Currently (in Swift 4.2.1), it is an error to cast a value from Any to Optional, even when that value was created as the exact same Optional type and previously cast to Any. Here is an example:

let x: Int? = 1
let y: Any = x as Any
print(type(of: y))          // "Optional<Int>\n"

let z: Int? = y as! Int?    // error: cannot downcast from 'Any' to a more optional type 'Int?'

Is this a bug, or an oversight, or an intentional design decision? In particular, would it require an evolution proposal to make it possible for this to work? My expectation was that Any could wrap any type, and be unwrapped back to that type.

So far the only way I have found to extract the original Optional value, is via a generic helper function such as:

func unwrap<T>(_ x: Any) -> T {
  return x as! T
}

let z: Int? = unwrap(y)
print(type(of: z))          // "Optional<Int>\n"

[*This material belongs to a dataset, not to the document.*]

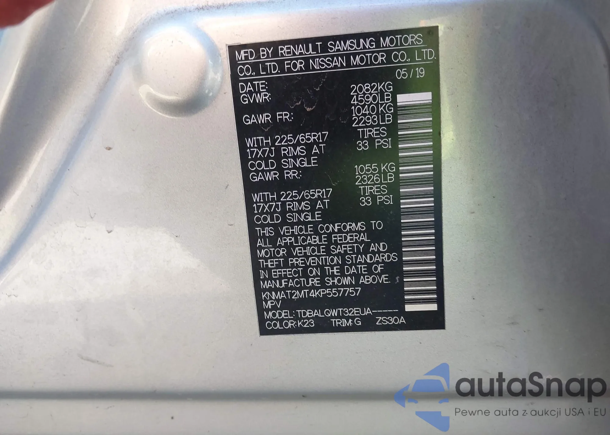 LOT: 43401100 VIN: JN8AS5MV7CW354587

It seems rather peculiar that we can attempt to unwrap an Any into an unspecified generic type, but we are prohibited from unwrapping an Any into the exact specific type we know it contains, if that type is Optional.

2 Likes

I agree that this feels like an arbitrary limitation, especially given that this works exactly as expected:

let maybeInt = 1 as Int?
let anything = maybeInt as Any

let opened = anything as? Int?
// error: cannot downcast from 'Any' to a more optional type 'Int?'

func dynamicCast<T>(_ value: Any, to _: T.Type) -> T? {
  if let value = value as? T {
    return value
  } else {
    return nil
  }
}

if let opened = dynamicCast(anything, to: Int?.self) {
  print("got an optional Int: \(opened)")
} else {
  print("it's something else entirely")
}

I think we added this to stop people from expecting x as! Int? to act like x as? Int. It's not really a correct error when casting from any (non-class) existential / protocol value (Any is "no protocols").

Could you elaborate? I run into the error described here multiple times, but I've never tried to do x as! Int? instead of x as? Int. Why would someone think that they're the same?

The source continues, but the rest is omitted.